Roo NB tools are designed for AI agents to leverage notebooks more autonomously in larger, more comprehensive tasks, unlike "stock" notebook tools (from GitHub Copilot and VSCode), which are designed to aid user interactions with notebooks, thus more human-driven.

Key Features

  • Notebook Info: Retrieve comprehensive information about the active notebook, including URI, kernel, and cell statistics.
  • Get Cells: Access detailed information about all cells in the active notebook.
  • Insert Cells: Insert multiple cells at any position, with support for batch operations and optional execution.
  • Replace Cells: Replace a range of cells with new content, supporting both code and markdown cells, with optional execution.
  • Modify Cell Content: Update the content of any cell, with the option to execute code cells automatically.
  • Execute Cells: Execute a specified range of cells, supporting complex workflows and automation.
  • Delete Cells: Remove a range of cells from the notebook efficiently.
  • Save Notebook: Save the active notebook to disk programmatically.
  • Open Notebook: Open a specified notebook file and make it the active editor for further manipulation.

Usage

Think of notebooks as the window and stats eye into large-scale data far beyond 2d sights at glances, the data can spread allover the world and will be overwhelming if to be stored or ingested locally, an autonomous AI agent has to observe, analyze, and process information via statistic querying and manipulation tools. With Roo NB tools, the AI agent can mathematically interact with BIG data via notebooks (that connect to kernels run anywhere), without flushing its LM contextual tokens by data volume.

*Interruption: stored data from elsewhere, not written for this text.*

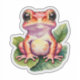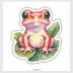 Un pegatina vinílico kawaii de una rana linda parada sobre hojas.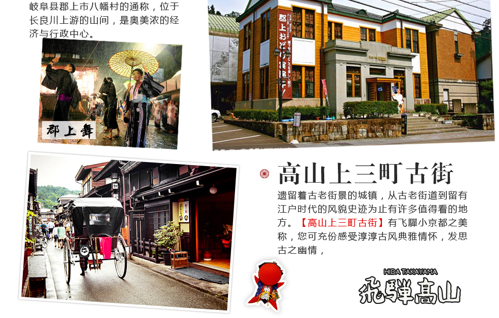 【郡上舞】通过歌词“出郡上八幡町时,不下雨也湿衣袖”为日本民众所熟悉,它与山形县的“花笠舞”和德岛县的“阿波舞”并称全国三大民谣舞蹈。“郡上舞”有400多年的历史,现在已被指定为国家的重要非物质民俗文化遗产(来源于人们的日常生活并得到继承的、与衣食住行、职业、信仰、每年固定的节庆活动等相关的风俗习惯、民俗艺术当中,国家认为特别重要并予以指定的民俗文化遗产”)。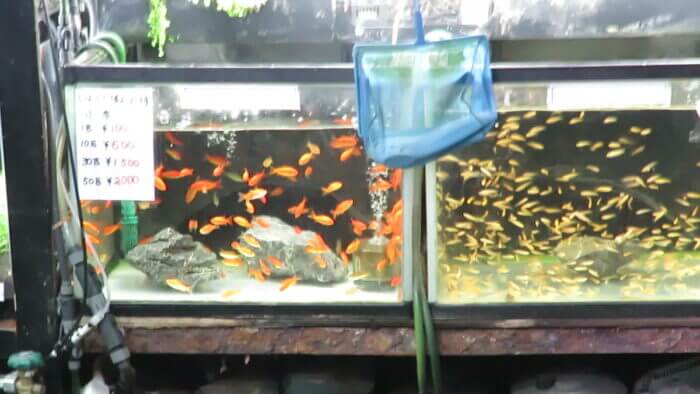 観賞魚の種類も豊富で、金魚、鯉、メダカ、小型熱帯魚、大型魚にベタとなんでもいるんじゃないかと思うぐらい種類も多いです。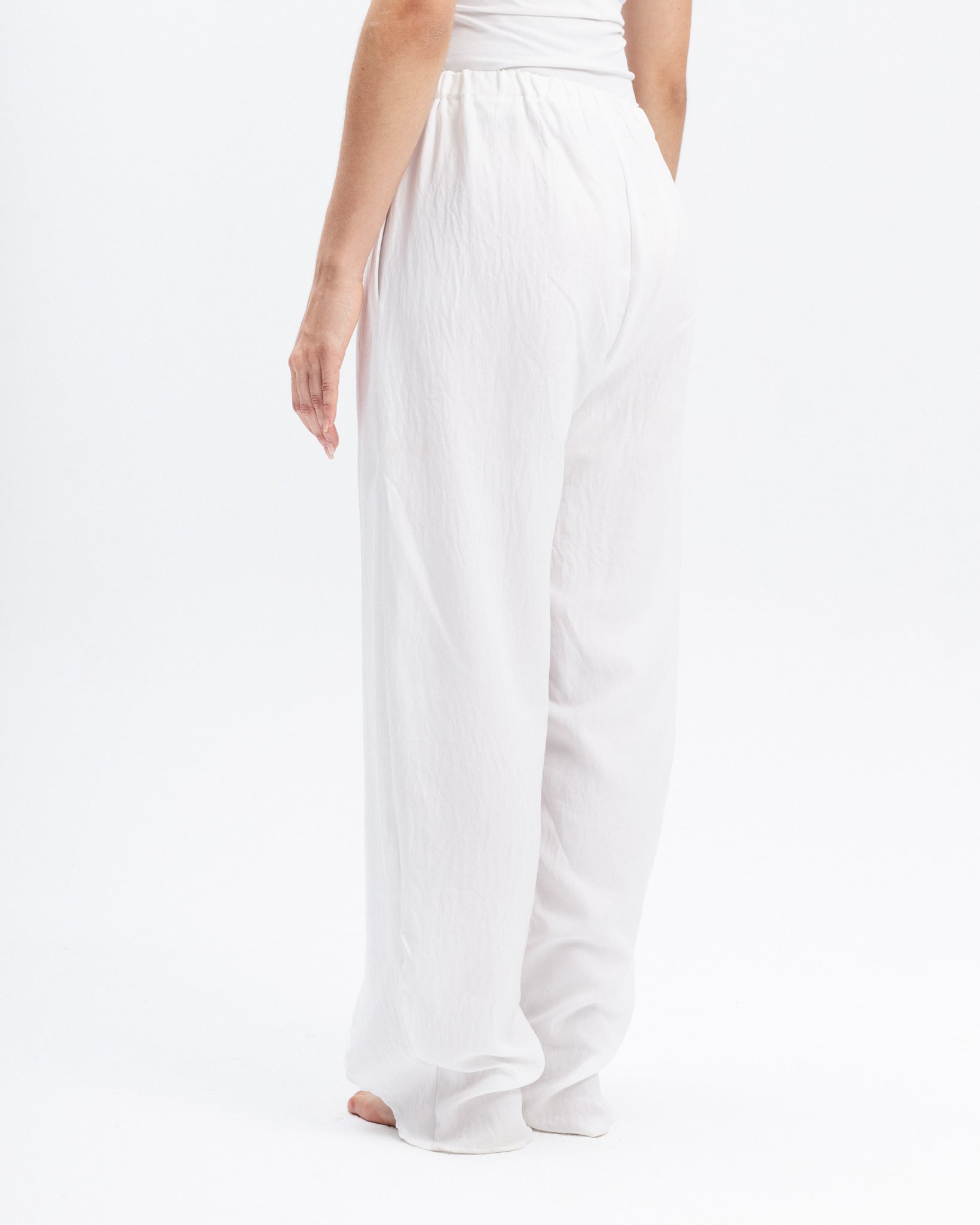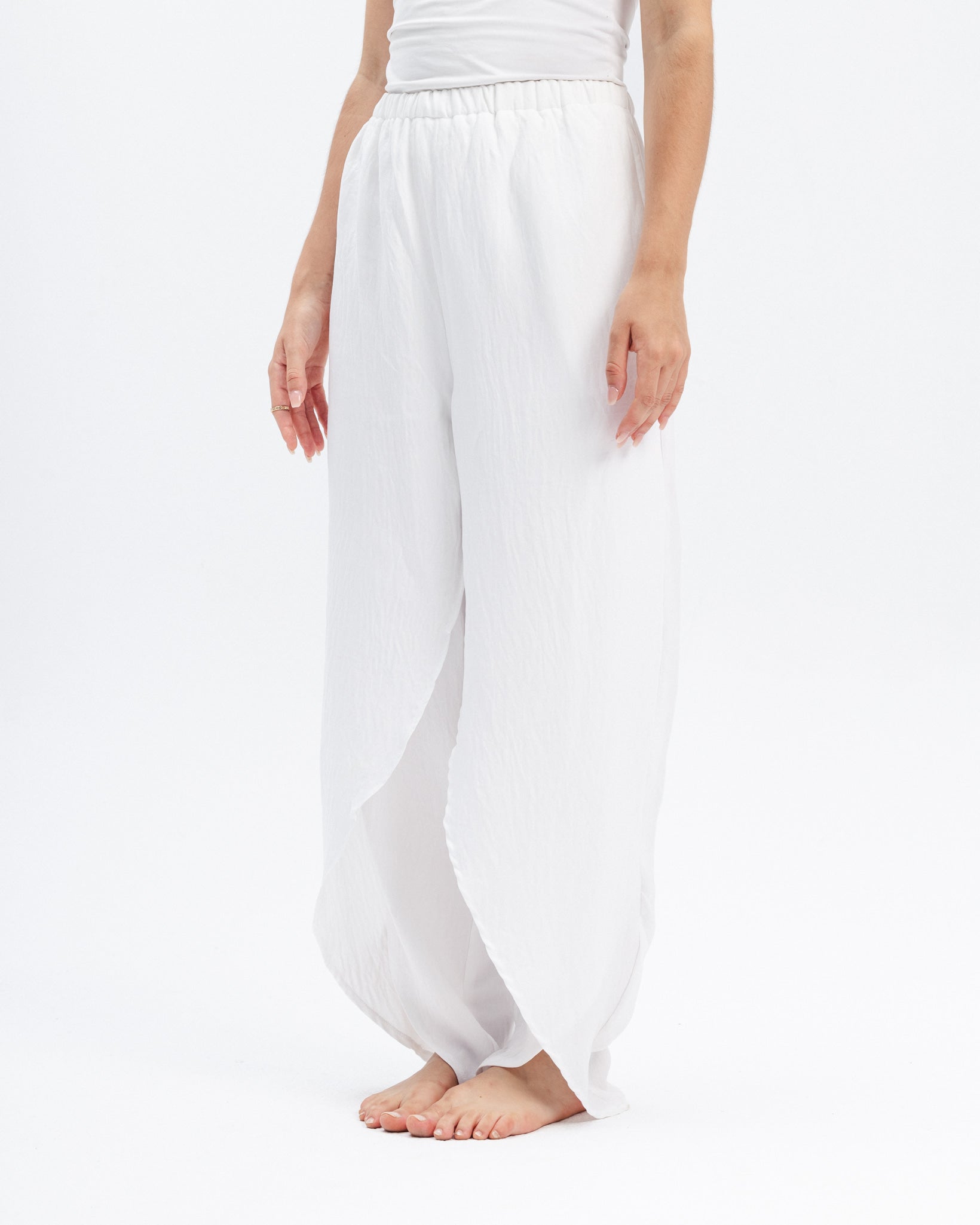 Wide-leg pants crafted from a lightweight linen-blend fabric with a crinkled texture. Designed with a soft elasticated waistband and overlapping tulip hem for added movement.

Typical agent-driven, notebook-related subtasks include:

  • Understand notebook structure and extracting insights from all cells' content
  • Inserting, modifying, or deleting multiple cells in a single shot, for data transformation and workflow automation
  • (Re)Executing multiple code cells to process, visualize, or summarize massive datasets
  • Automating end-to-end data engineering workflows, from data ingestion to advanced analytics, without human intervention
  • Against notebooks with the kernel running on remote servers or cloud environments

Example agent tasks:

  • Configure sales_data_eu.ipynb (kernel: Python 3, purpose: EU sales aggregation, running on a remote cloud server) and sales_data_us.ipynb (kernel: Python 3, purpose: US sales aggregation, running on another remote cloud server), then instruct the AI agent to merge, compare, and visualize global sales trends across both regions periodicly.
  • Set up experiment_a_results.ipynb (kernel: R, purpose: analyze Experiment A, running on a remote research cluster) and experiment_b_results.ipynb (kernel: Python 3, purpose: analyze Experiment B, running on a local research cluster), then direct the AI agent to synthesize findings and generate a cross-experiment summary in summary_report.ipynb (also remote).
  • Prepare iot_edge_north.ipynb and iot_edge_south.ipynb (both kernel: Python 3, purpose: ingest and clean sensor data from different regions, running on edge devices remotely), then have the AI agent orchestrate a combined anomaly detection workflow and output results to anomaly_overview.ipynb (remote).
  • Configure finance_onprem.ipynb (kernel: Python 3, purpose: process on-premises financial data, running on a secure remote server) and finance_cloud.ipynb (kernel: Python 3, purpose: process cloud financial data, running in the cloud), then instruct the AI agent to cross-reference, reconcile, and produce a consolidated financial report in finance_summary.ipynb (remote).
  • Set up ml_train_a.ipynb and ml_train_b.ipynb (kernels: Python 3, purpose: train models on different datasets, both running on remote GPU servers), then tell the AI agent to coordinate training, evaluate ensemble performance, and document results in ensemble_results.ipynb (remote).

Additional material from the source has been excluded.